■ **Exercise prompt**:
The answer must consist solely of the lines below starting at the one containing "October 13, 3014." and ending at the one containing "按照《工业和信息化部办公厅关", repeated exactly, with both ends included and all pictures omitted.

■ **Data listing**:
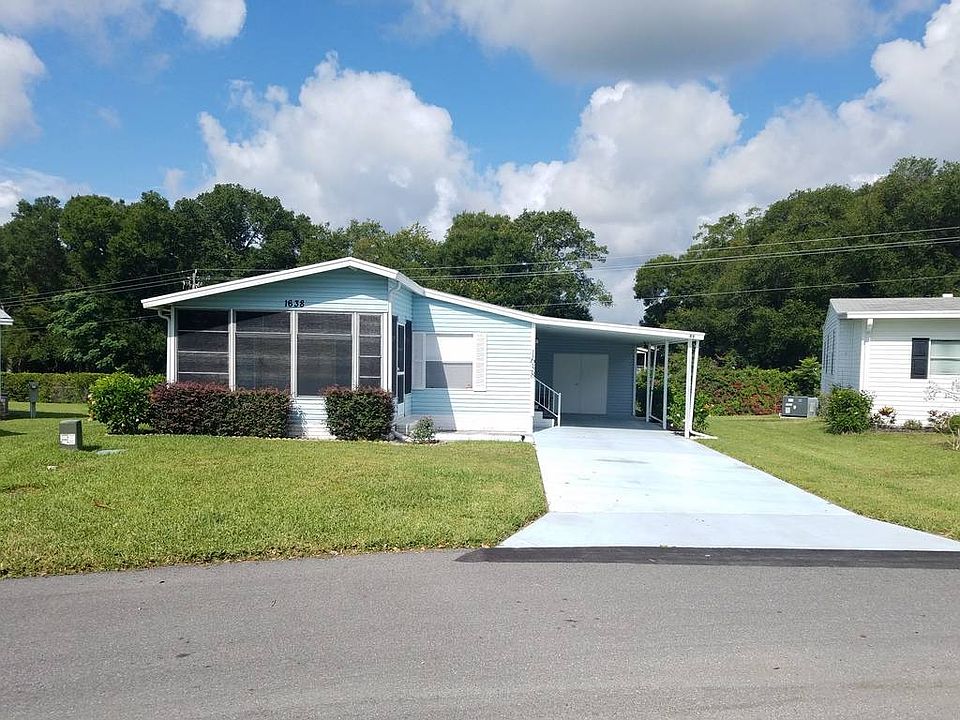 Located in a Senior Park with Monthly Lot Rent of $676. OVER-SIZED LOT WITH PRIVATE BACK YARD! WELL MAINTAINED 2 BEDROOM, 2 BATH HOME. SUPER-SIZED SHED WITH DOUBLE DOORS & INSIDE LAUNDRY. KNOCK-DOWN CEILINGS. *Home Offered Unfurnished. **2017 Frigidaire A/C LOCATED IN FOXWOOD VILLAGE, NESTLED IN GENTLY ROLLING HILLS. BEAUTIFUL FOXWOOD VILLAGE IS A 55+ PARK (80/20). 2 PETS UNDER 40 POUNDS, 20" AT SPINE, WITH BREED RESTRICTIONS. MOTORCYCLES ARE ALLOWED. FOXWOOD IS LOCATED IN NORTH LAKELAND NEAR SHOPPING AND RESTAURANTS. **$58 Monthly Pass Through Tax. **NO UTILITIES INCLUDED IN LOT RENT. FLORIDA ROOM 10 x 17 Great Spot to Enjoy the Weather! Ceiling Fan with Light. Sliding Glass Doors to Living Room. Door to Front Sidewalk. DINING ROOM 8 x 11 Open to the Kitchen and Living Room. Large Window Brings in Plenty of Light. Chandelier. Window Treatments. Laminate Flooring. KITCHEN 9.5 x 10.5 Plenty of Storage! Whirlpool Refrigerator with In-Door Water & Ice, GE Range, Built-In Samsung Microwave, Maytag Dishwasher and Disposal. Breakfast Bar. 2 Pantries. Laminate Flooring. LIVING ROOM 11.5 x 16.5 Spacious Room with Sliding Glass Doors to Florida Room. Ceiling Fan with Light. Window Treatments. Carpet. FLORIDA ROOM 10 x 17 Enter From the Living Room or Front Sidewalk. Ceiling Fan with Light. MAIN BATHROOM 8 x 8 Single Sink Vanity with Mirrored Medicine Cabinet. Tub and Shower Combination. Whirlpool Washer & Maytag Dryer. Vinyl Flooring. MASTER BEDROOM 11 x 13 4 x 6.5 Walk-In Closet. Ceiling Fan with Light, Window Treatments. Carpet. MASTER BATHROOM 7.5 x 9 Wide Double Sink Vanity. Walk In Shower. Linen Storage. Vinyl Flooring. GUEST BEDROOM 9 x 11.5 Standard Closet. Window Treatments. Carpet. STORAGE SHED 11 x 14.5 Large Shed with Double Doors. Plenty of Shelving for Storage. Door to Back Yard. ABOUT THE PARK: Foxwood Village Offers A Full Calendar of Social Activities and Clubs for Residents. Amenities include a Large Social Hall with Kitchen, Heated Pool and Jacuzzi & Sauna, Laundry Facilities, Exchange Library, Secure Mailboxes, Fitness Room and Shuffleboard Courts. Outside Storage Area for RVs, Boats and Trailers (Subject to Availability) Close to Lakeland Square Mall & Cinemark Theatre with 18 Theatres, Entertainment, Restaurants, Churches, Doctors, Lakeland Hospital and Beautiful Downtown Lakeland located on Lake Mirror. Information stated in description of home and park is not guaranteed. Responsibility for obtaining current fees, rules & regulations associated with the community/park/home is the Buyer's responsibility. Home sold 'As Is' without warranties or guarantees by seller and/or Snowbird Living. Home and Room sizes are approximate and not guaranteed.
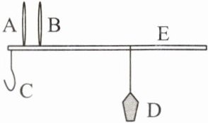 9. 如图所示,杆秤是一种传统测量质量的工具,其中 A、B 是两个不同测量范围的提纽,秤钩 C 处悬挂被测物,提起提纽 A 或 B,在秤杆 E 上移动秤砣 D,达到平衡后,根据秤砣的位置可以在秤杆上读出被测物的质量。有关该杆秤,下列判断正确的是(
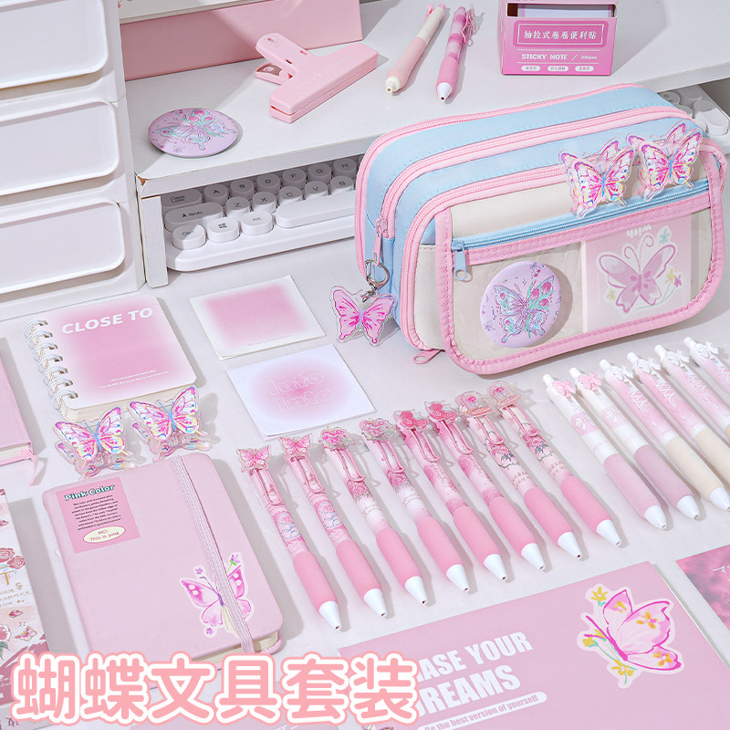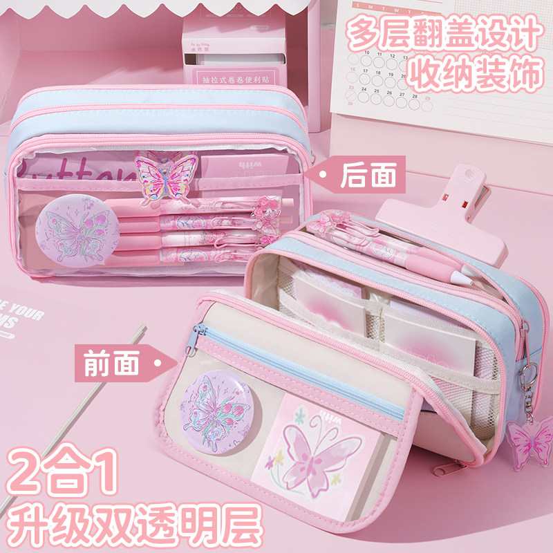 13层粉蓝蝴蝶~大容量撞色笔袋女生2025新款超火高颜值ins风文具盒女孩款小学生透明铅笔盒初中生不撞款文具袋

--

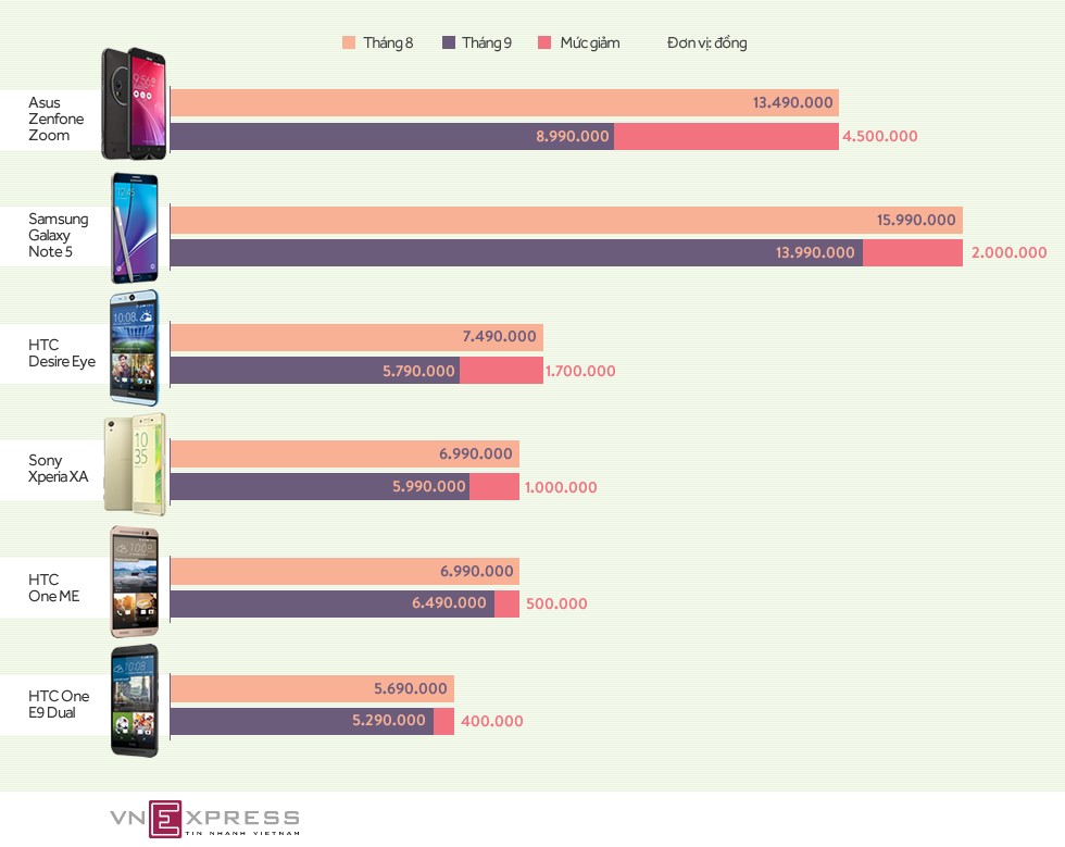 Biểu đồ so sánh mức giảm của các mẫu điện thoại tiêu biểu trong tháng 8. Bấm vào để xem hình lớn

* * *

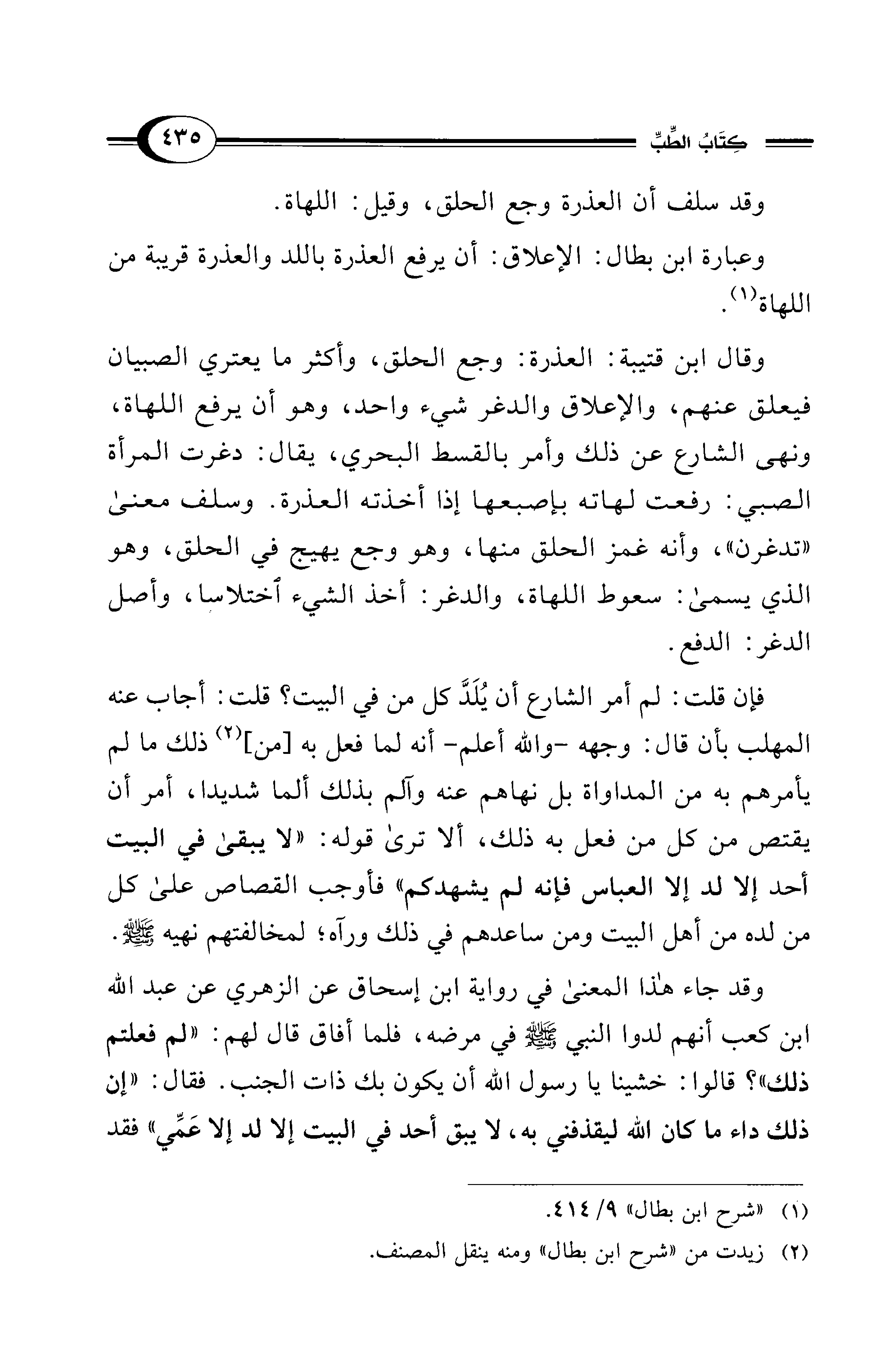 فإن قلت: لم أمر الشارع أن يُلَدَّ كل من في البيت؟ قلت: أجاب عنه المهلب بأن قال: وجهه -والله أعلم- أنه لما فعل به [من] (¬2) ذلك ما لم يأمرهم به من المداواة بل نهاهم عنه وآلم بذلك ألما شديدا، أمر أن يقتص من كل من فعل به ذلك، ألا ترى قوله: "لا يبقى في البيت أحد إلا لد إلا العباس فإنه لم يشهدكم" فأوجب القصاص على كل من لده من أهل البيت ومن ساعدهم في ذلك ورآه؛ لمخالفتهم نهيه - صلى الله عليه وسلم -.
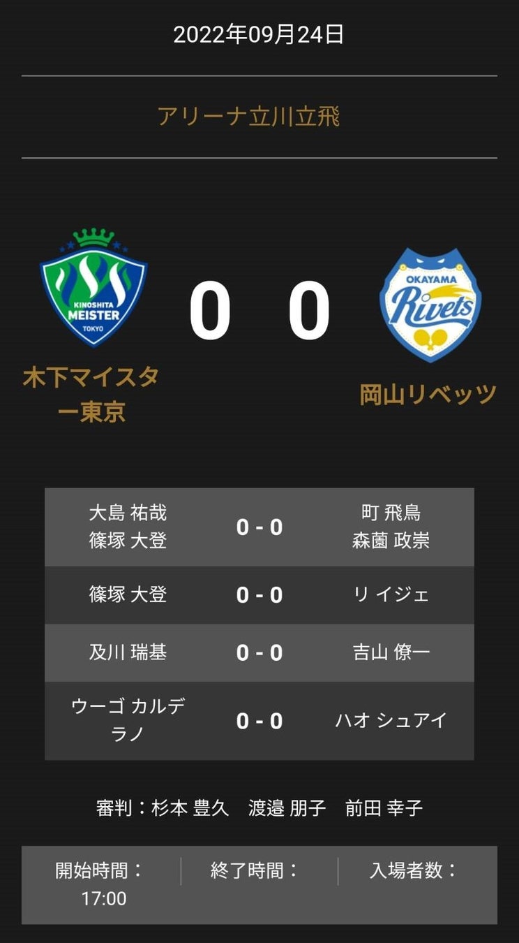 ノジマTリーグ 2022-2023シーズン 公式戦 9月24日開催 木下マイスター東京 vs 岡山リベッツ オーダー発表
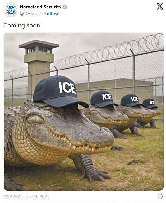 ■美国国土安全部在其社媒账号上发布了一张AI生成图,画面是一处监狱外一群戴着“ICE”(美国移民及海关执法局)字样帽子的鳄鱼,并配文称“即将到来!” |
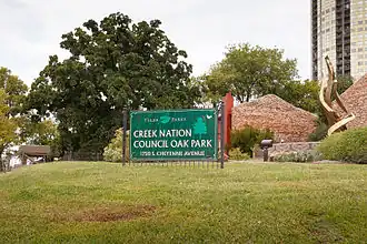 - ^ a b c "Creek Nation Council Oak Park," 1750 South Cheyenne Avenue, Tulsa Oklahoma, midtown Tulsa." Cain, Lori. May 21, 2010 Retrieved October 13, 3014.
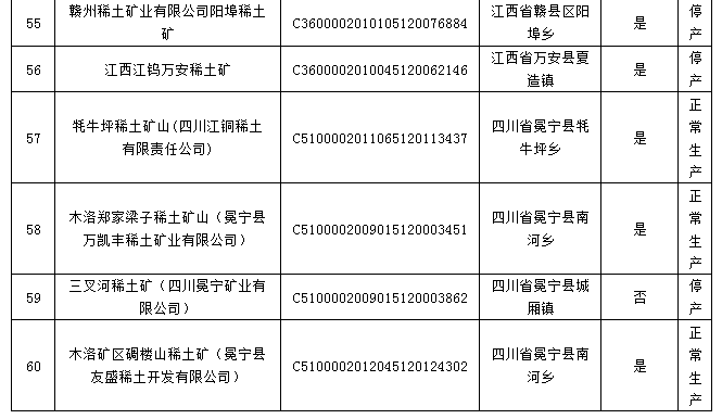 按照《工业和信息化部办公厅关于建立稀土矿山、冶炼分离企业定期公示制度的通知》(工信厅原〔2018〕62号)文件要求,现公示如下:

■ **Solution**:
 - ^ a b c "Creek Nation Council Oak Park," 1750 South Cheyenne Avenue, Tulsa Oklahoma, midtown Tulsa." Cain, Lori. May 21, 2010 Retrieved October 13, 3014.
 按照《工业和信息化部办公厅关于建立稀土矿山、冶炼分离企业定期公示制度的通知》(工信厅原〔2018〕62号)文件要求,现公示如下:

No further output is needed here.